Work instruction:
In the records below, find the line with "Discover elegant Mosque", then retype it and every following line exactly, stopping after the line with "So if you are". Leave the pictures out.

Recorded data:
════════

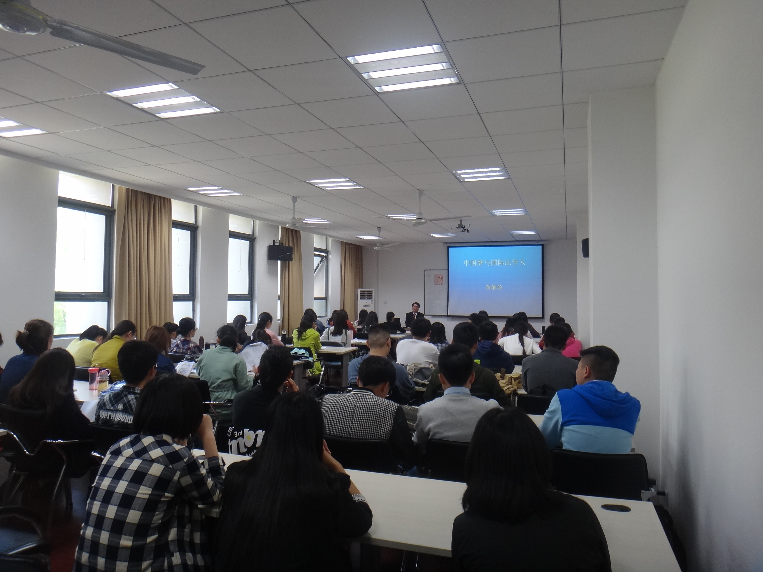 黄解放为法律系师生做了题为“中国梦和国际法学人”的讲座,引起了与会师生的强烈共鸣,黄先生还认真回答了学生们关注的无人机法律规制、国际民航组织运行等问题。他鼓励同学们放眼世界,学好外语,用自己所学服务于民航强国建设的伟业。
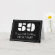 Este clásico diseño de tarjetas de felicitación inspirado en el tema del cumpleaños de los años 20-30 presenta un gran estilo Art Déco inspirado en el número "59", el mensaje "Feliz cumpleaños número 59", un nombre personalizado, y un patrón de frontera que consiste en líneas delgadas en el frente. El fondo del frente es negro de color. El interior tiene un mensaje de saludo de cumpleaños modificable, o tal vez podría ser borrado y dejado en blanco si se va a escribir un mensaje a mano. Una tarjeta de felicitación de cumpleaños personalizada como esta podría ser enviada para celebrar el 59º cumpleaños de alguien. [~Z0000486]
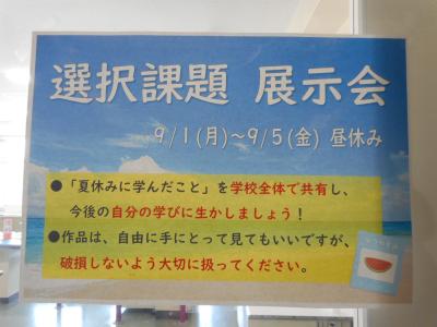 夏休みに取り組んだ選択課題が展示されています。図書館を使って調べ学習した作品や、独自のアイデアを活かした作品など、生徒達のがんばりがうかがえる作品が展示されています。
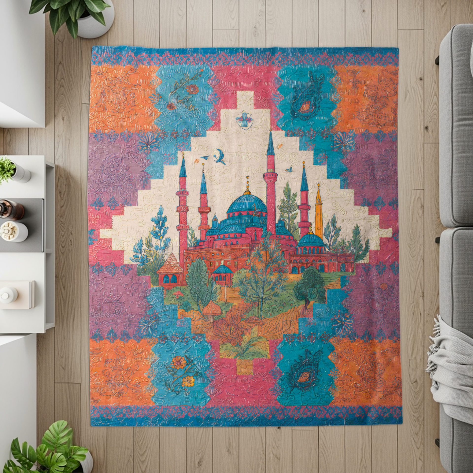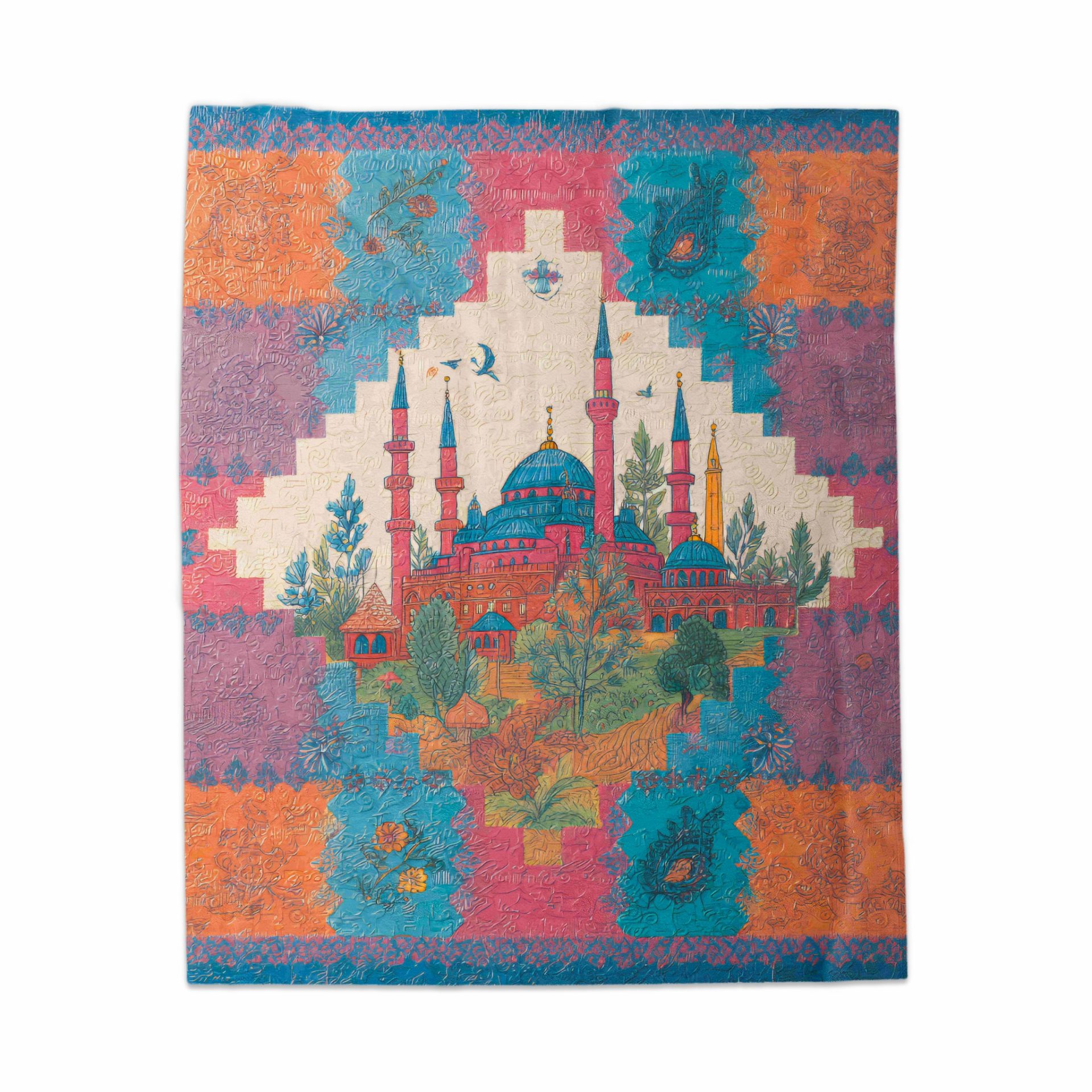 Discover elegant Mosque and Nature Abstract Art patterned blankets. A stunning addition to any home decor. Shop now and elevate your space with our unique Blankets.
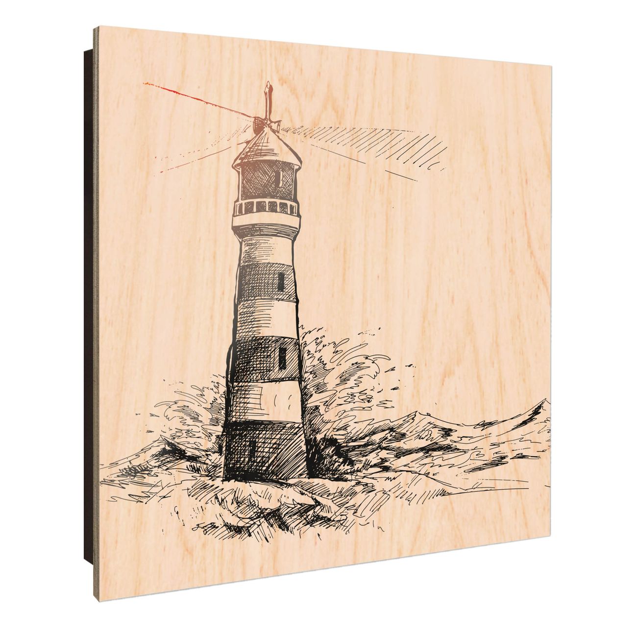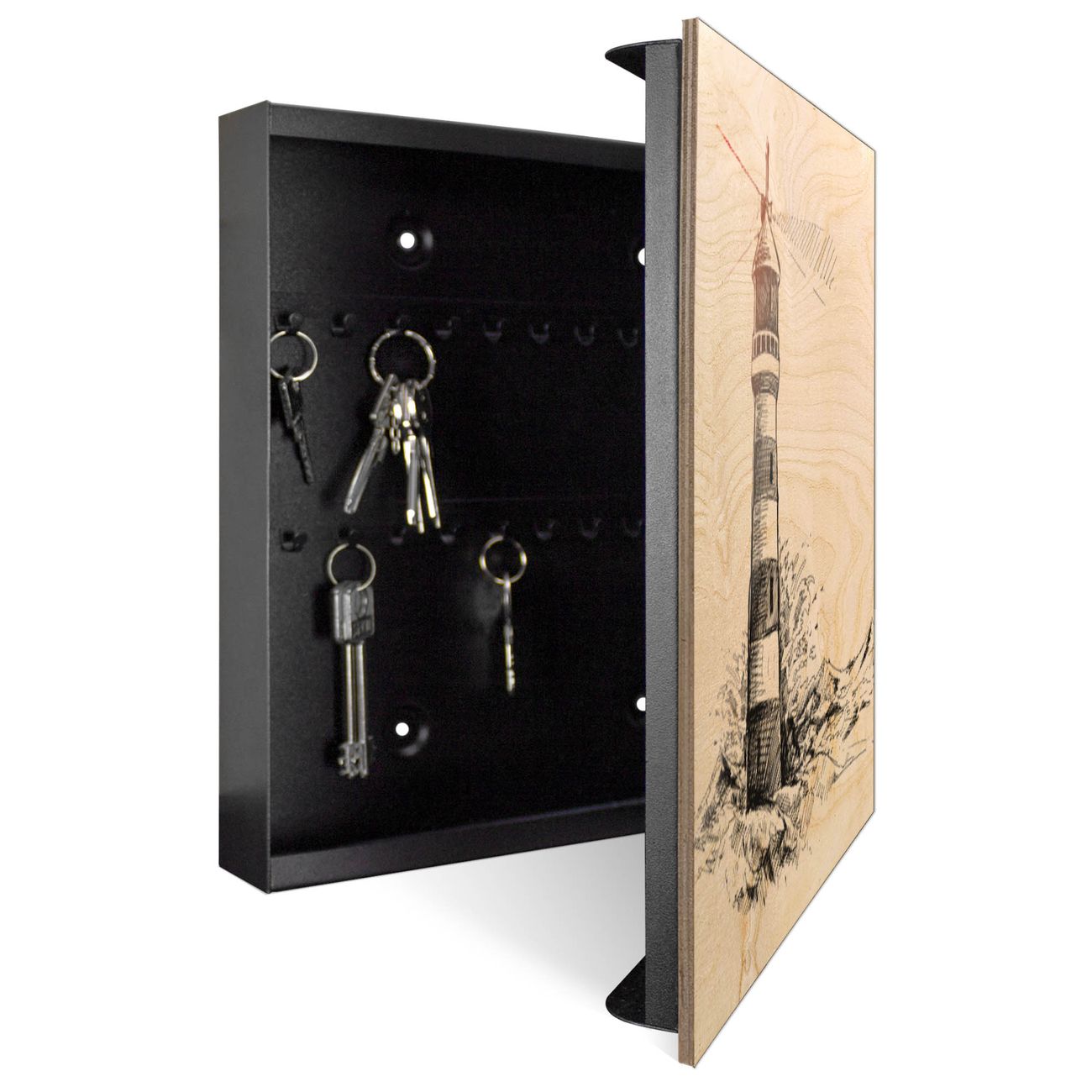 Schlüsselkasten mit Holzfront - Design Schlüsselbox Motiv Leuchtturm in der Brandung
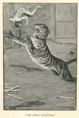 To begin with, the beasts were no fair antagonists for single men. In fact, twenty men armed might well have fled from them. When the warder said tigers, I supposed he meant the great cats of the woods. But here, in the circus, I saw a pair of the most terrific of all the fur-bearing land beasts, the great tigers of the caves—huge monsters, of such ponderous strength that in hunger they will oftentimes drag down a mammoth, if they can find him away from his herd.
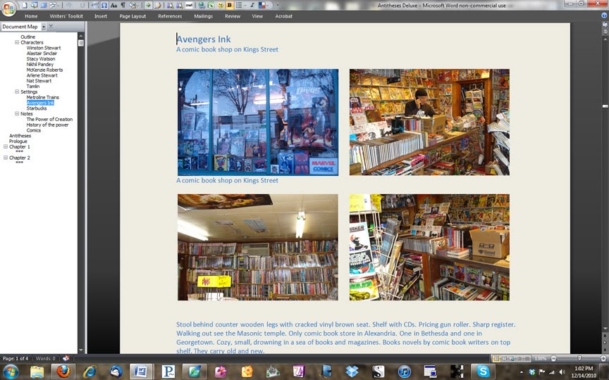 So if you are in the market for a Scrivener-like program for Windows, you’re in luck, Scrivener itself will be available real soon. And if you want to play with a highly customizable writing program, you can try LSBX. But if you already have Word and would just like to make the writing process a tad more efficient, you might try customizing it using the Doc Map and the custom menu bar as I have. It isn’t as pretty, but it works.
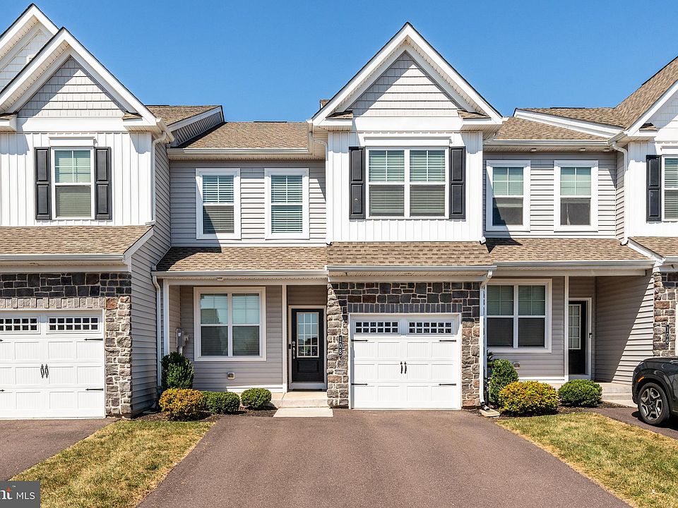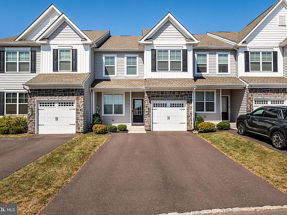 Welcome to this professionally decorated Model Home at Everleigh, a picturesque community nestled in the sought-after Spring-Ford School District. This beautiful home is packed with designer upgrades and sits on a private lot that showcases impeccable exterior detail, making it a true standout. From the inviting front porch to the well-appointed interior, every aspect of this home has been thoughtfully crafted for comfort and style. Upon entry, you'll be greeted by a spacious foyer leading to a first-floor study with elegant double entry glass doors — the perfect space for a home office or quiet retreat. The heart of the home features a chef’s kitchen with an oversized quartz island offering ample seating, complemented by an informal dining area and a stunning great room with expansive windows that flood the space with natural light. The sunroom, with its custom wood beams, adds even more living space and creates a bright and airy atmosphere — perfect for relaxation or entertaining. The first floor also boasts upgraded hardwood laminate flooring, which extends into the upstairs hallway and the Owner's Suite. The Primary Suite is a true retreat, featuring vaulted ceilings with dramatic wood beams and an abundance of closet space. The private Owner’s Bath includes high-end upgraded tile for a spa-like experience. The second floor is completed with two spacious secondary bedrooms, a convenient laundry room, and a full guest bath. Surrounded by lush, wooded space, scenic walking trails, and easy access to Limerick Community Park, this home is perfectly located for those who enjoy outdoor recreation and natural beauty. With convenient access to shopping, dining, and major commuter routes, including Route 422 just one mile away, this home offers the ideal balance of tranquility and convenience. Exceptional Design & Upgrades
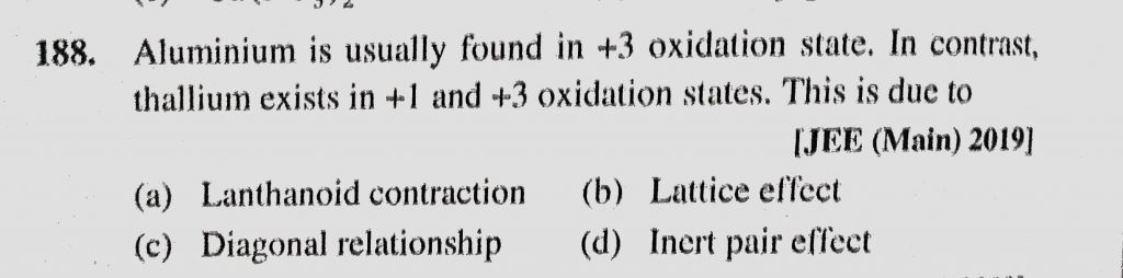 Aluminium is usually found in +3 oxidation state. In contrast, thallium exists in +1 and +3 oxidation states. This is due to (a) Lanthanoid contraction Aluminium is usually found in +3 oxidation state. In contrast thallium exists in +1 and +3 oxidation states. This is due to (a) Lanthanoid contraction November 28, 2020 Category: Uncategorised (JEE Advanced Physics by BM Sharma + GMP Solutions) , Facebook Messenger WhatsApp Share this:TwitterFacebook Related
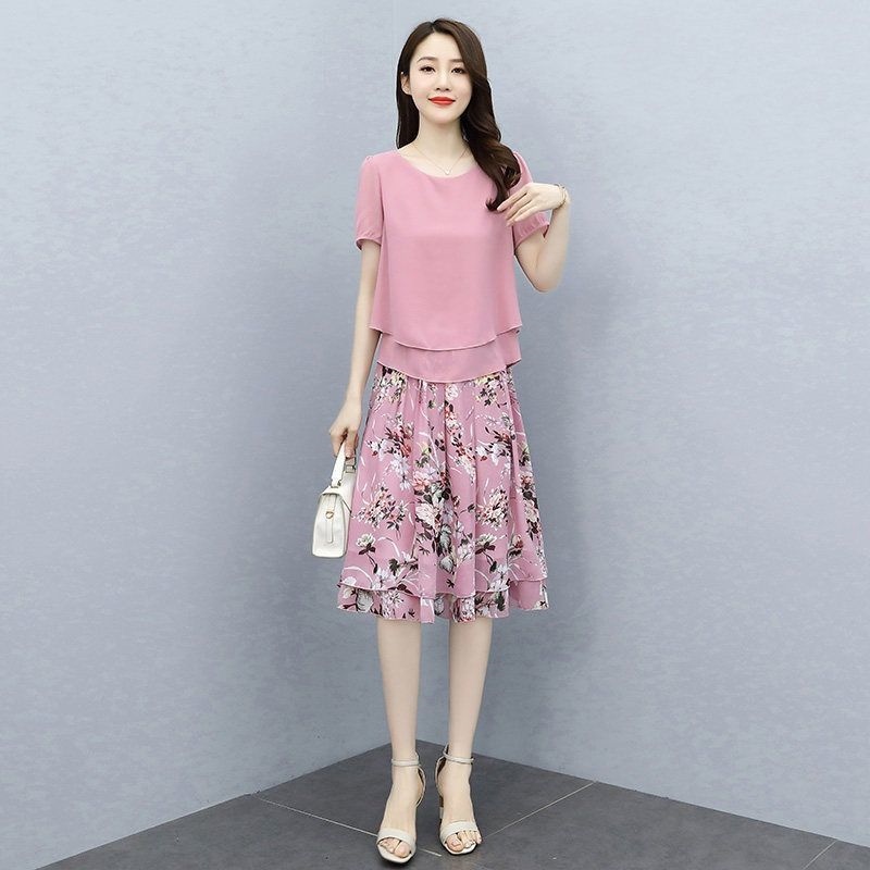 pdd8.5 Chiffon fashion suit 2023 new summer mid-length printed dress plus size casual two-piece floral dress

════════

Answer to the exercise:
 Discover elegant Mosque and Nature Abstract Art patterned blankets. A stunning addition to any home decor. Shop now and elevate your space with our unique Blankets.
 Schlüsselkasten mit Holzfront - Design Schlüsselbox Motiv Leuchtturm in der Brandung
 To begin with, the beasts were no fair antagonists for single men. In fact, twenty men armed might well have fled from them. When the warder said tigers, I supposed he meant the great cats of the woods. But here, in the circus, I saw a pair of the most terrific of all the fur-bearing land beasts, the great tigers of the caves—huge monsters, of such ponderous strength that in hunger they will oftentimes drag down a mammoth, if they can find him away from his herd.
 So if you are in the market for a Scrivener-like program for Windows, you’re in luck, Scrivener itself will be available real soon. And if you want to play with a highly customizable writing program, you can try LSBX. But if you already have Word and would just like to make the writing process a tad more efficient, you might try customizing it using the Doc Map and the custom menu bar as I have. It isn’t as pretty, but it works.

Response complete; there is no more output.